Extracted entries -
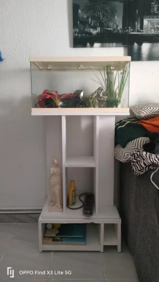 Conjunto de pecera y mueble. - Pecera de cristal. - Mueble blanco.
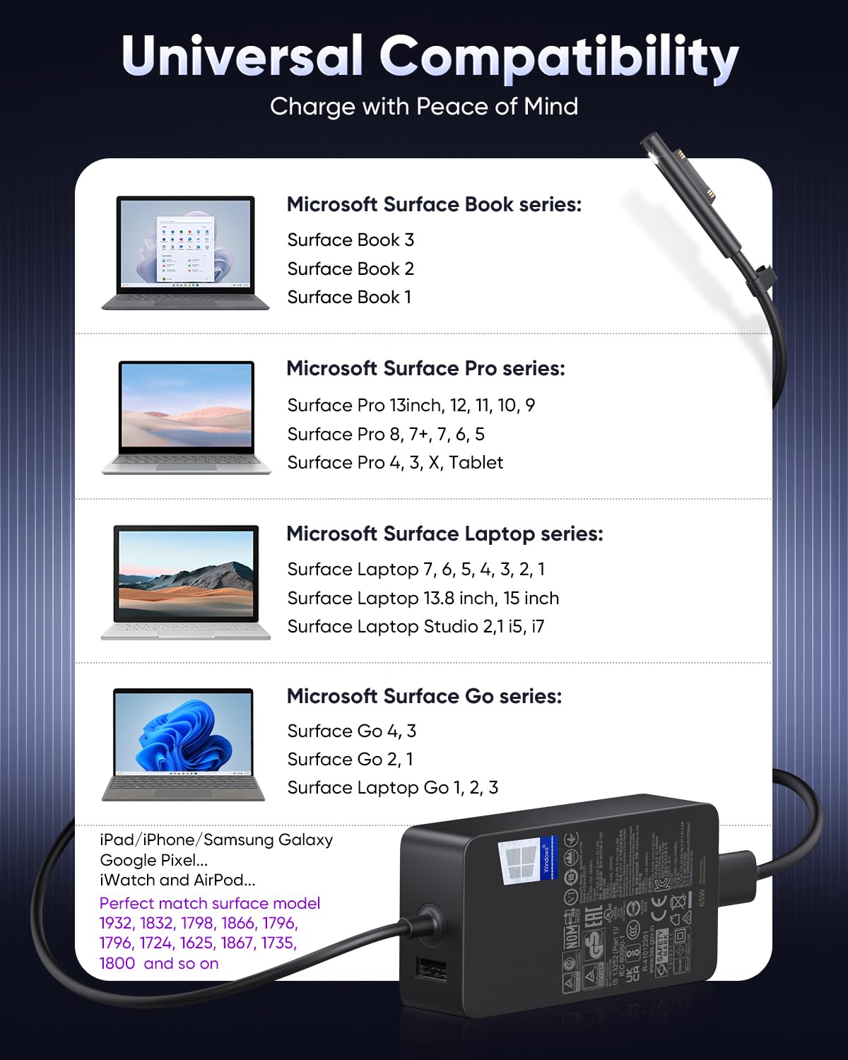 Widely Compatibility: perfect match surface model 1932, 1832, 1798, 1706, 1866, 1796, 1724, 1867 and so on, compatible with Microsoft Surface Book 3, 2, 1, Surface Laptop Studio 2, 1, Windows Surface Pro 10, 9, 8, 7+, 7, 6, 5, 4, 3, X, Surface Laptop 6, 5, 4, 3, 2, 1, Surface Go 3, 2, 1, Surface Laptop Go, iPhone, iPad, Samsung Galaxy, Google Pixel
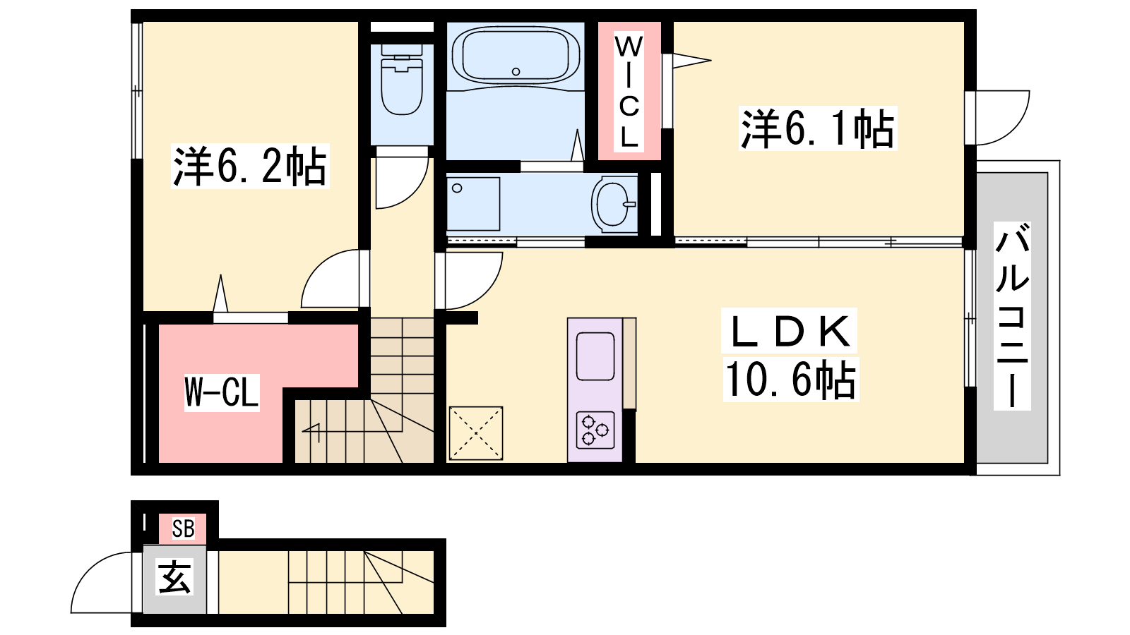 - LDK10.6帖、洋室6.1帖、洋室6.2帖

* * *

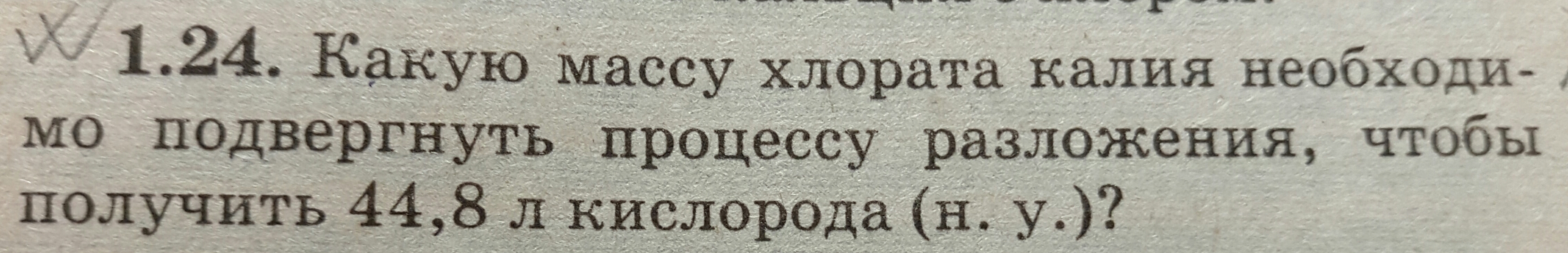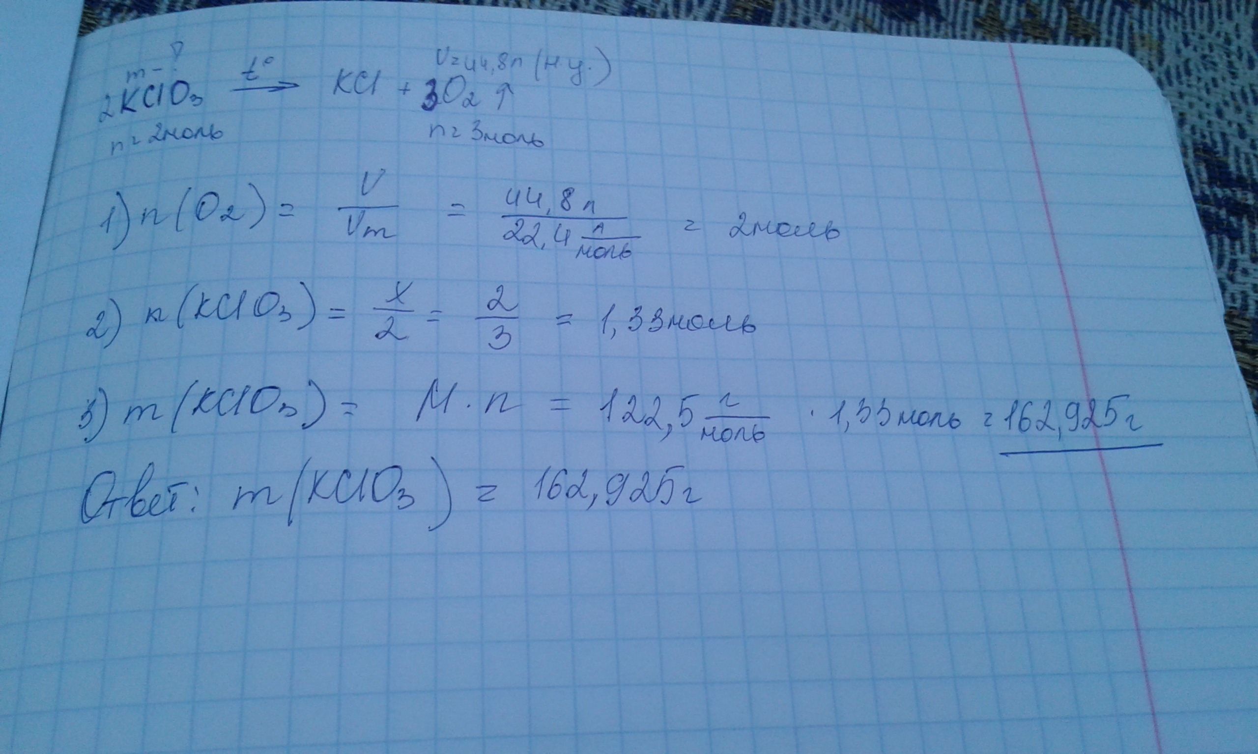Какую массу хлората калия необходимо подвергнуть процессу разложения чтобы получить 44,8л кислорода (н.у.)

==

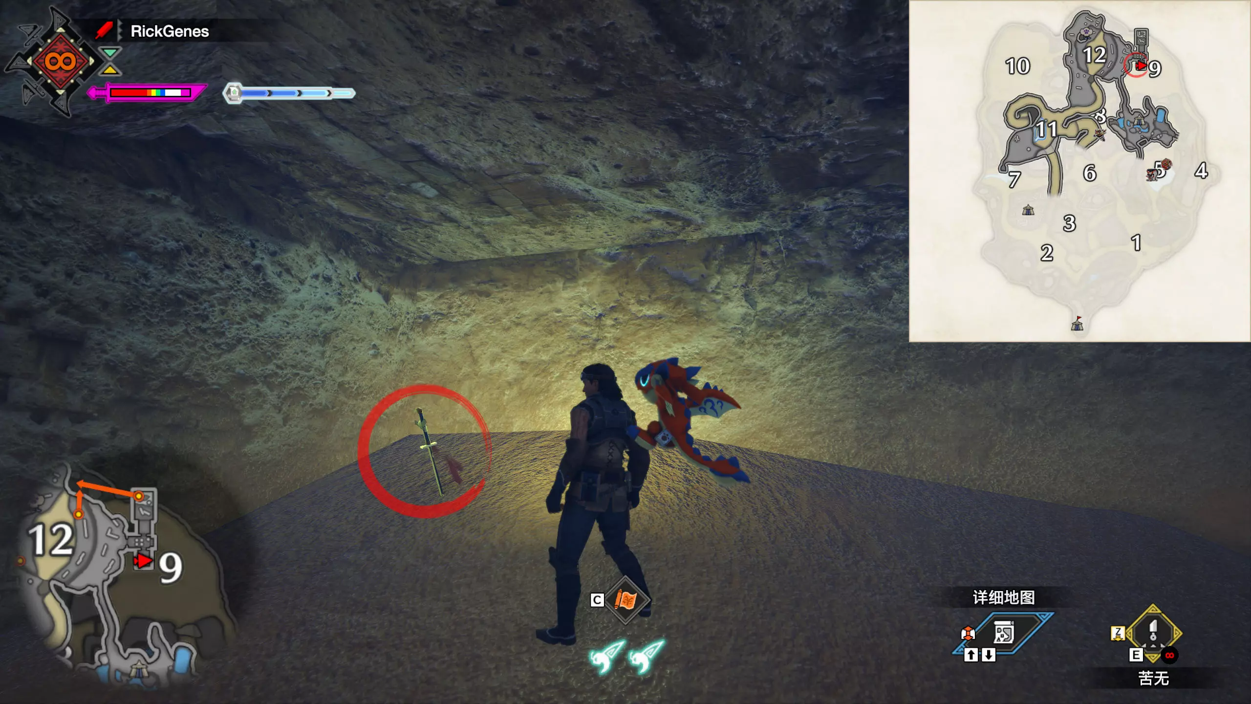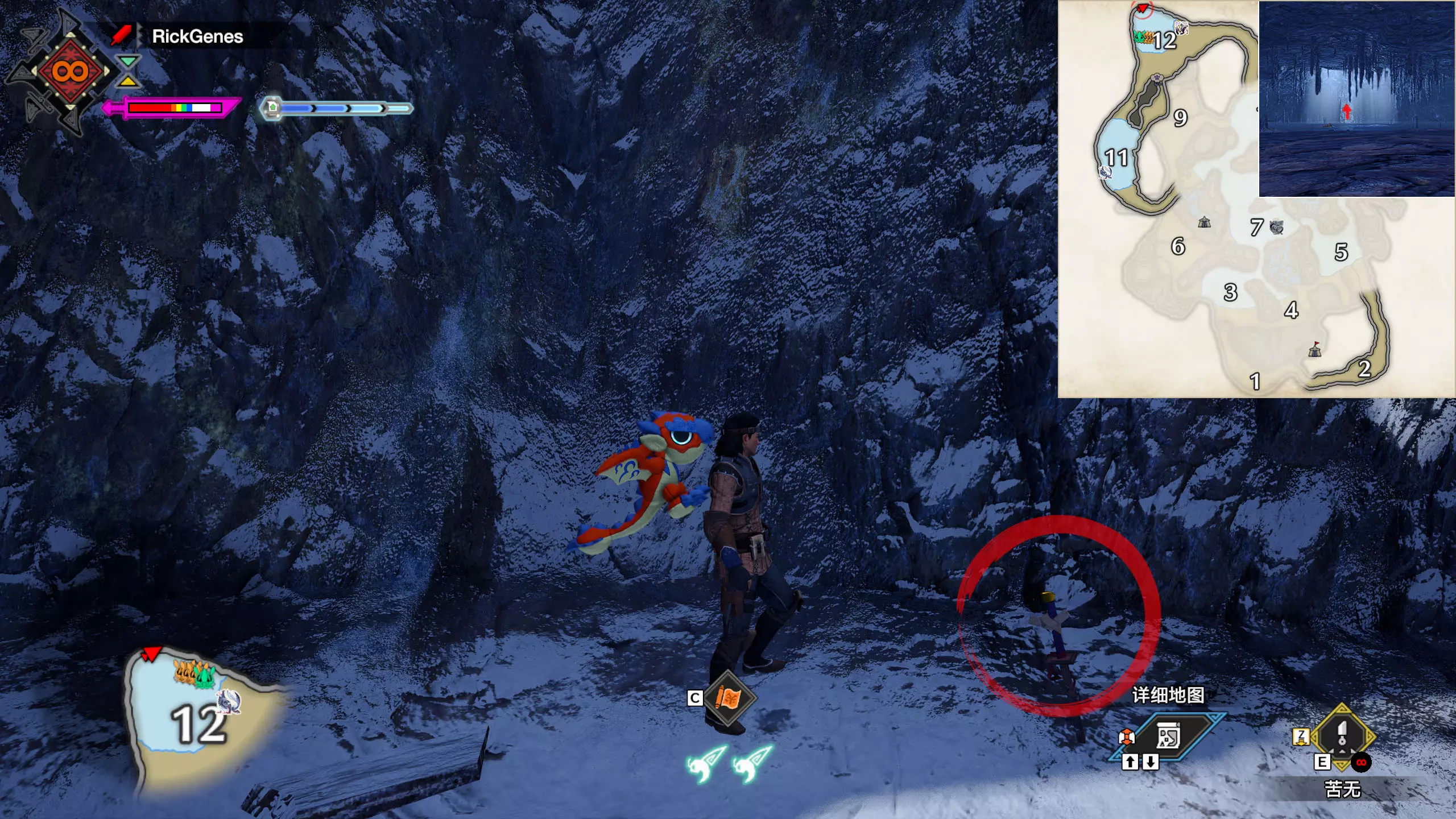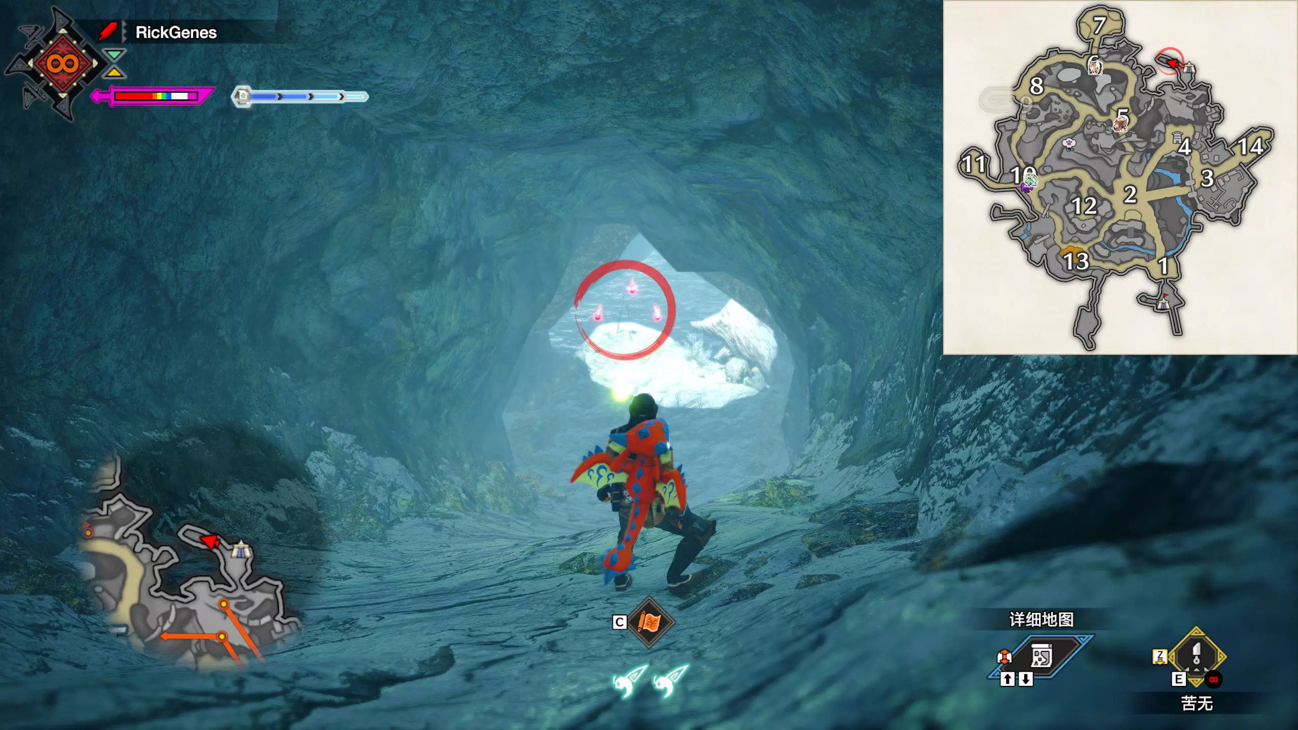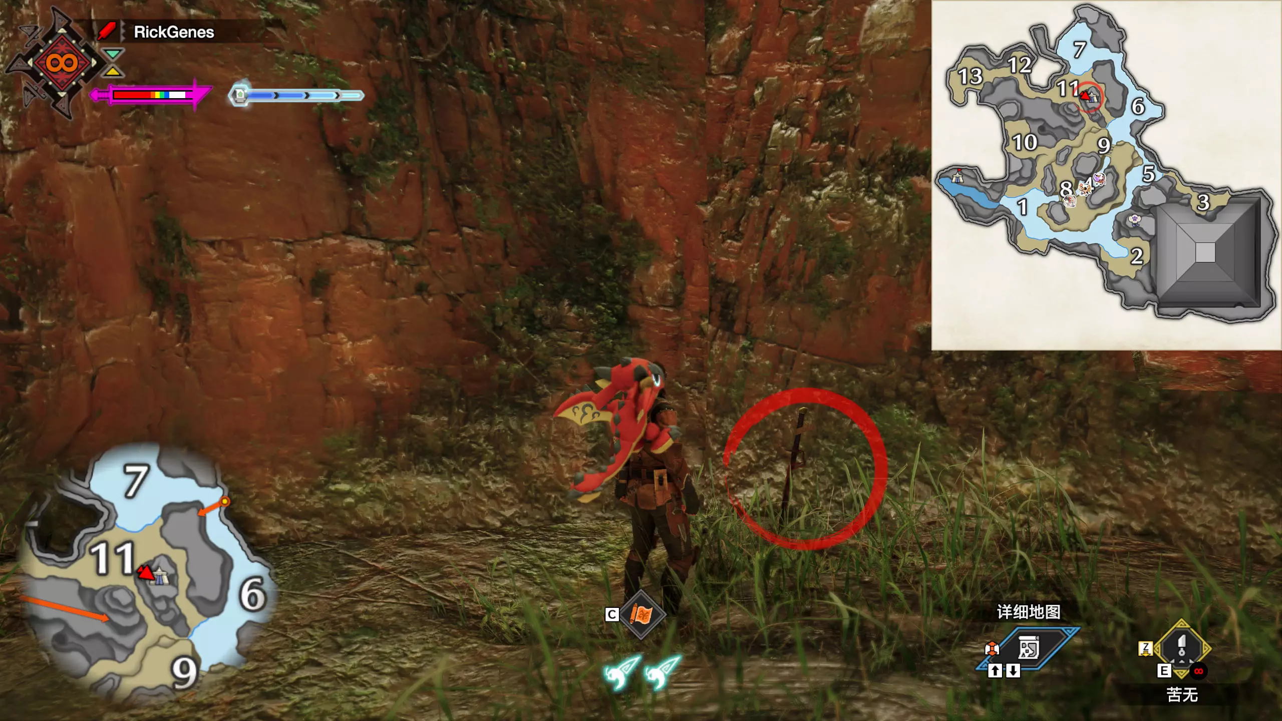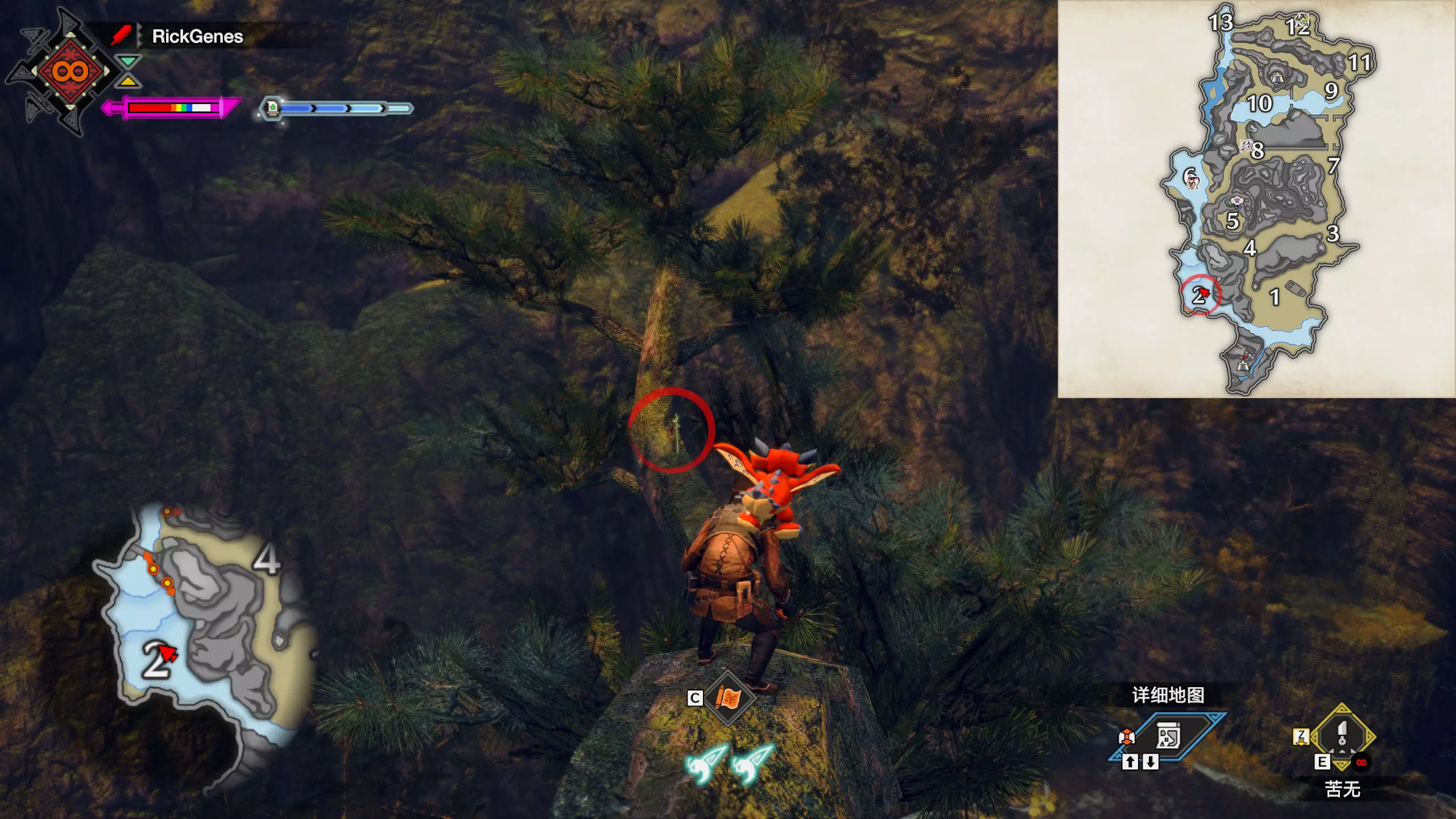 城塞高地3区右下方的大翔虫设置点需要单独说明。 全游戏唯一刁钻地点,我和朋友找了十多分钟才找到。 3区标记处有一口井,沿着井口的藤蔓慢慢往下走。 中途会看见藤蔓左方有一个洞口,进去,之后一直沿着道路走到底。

How to complete this task -
I would like the exact lines from the data above, starting with the one that holds "Conjunto de pecera" and going on through the one that holds "- LDK10.6帖、洋室6.1帖、洋室6.2帖", without the pictures.

Solution to this problem -
 Conjunto de pecera y mueble. - Pecera de cristal. - Mueble blanco.
 Widely Compatibility: perfect match surface model 1932, 1832, 1798, 1706, 1866, 1796, 1724, 1867 and so on, compatible with Microsoft Surface Book 3, 2, 1, Surface Laptop Studio 2, 1, Windows Surface Pro 10, 9, 8, 7+, 7, 6, 5, 4, 3, X, Surface Laptop 6, 5, 4, 3, 2, 1, Surface Go 3, 2, 1, Surface Laptop Go, iPhone, iPad, Samsung Galaxy, Google Pixel
 - LDK10.6帖、洋室6.1帖、洋室6.2帖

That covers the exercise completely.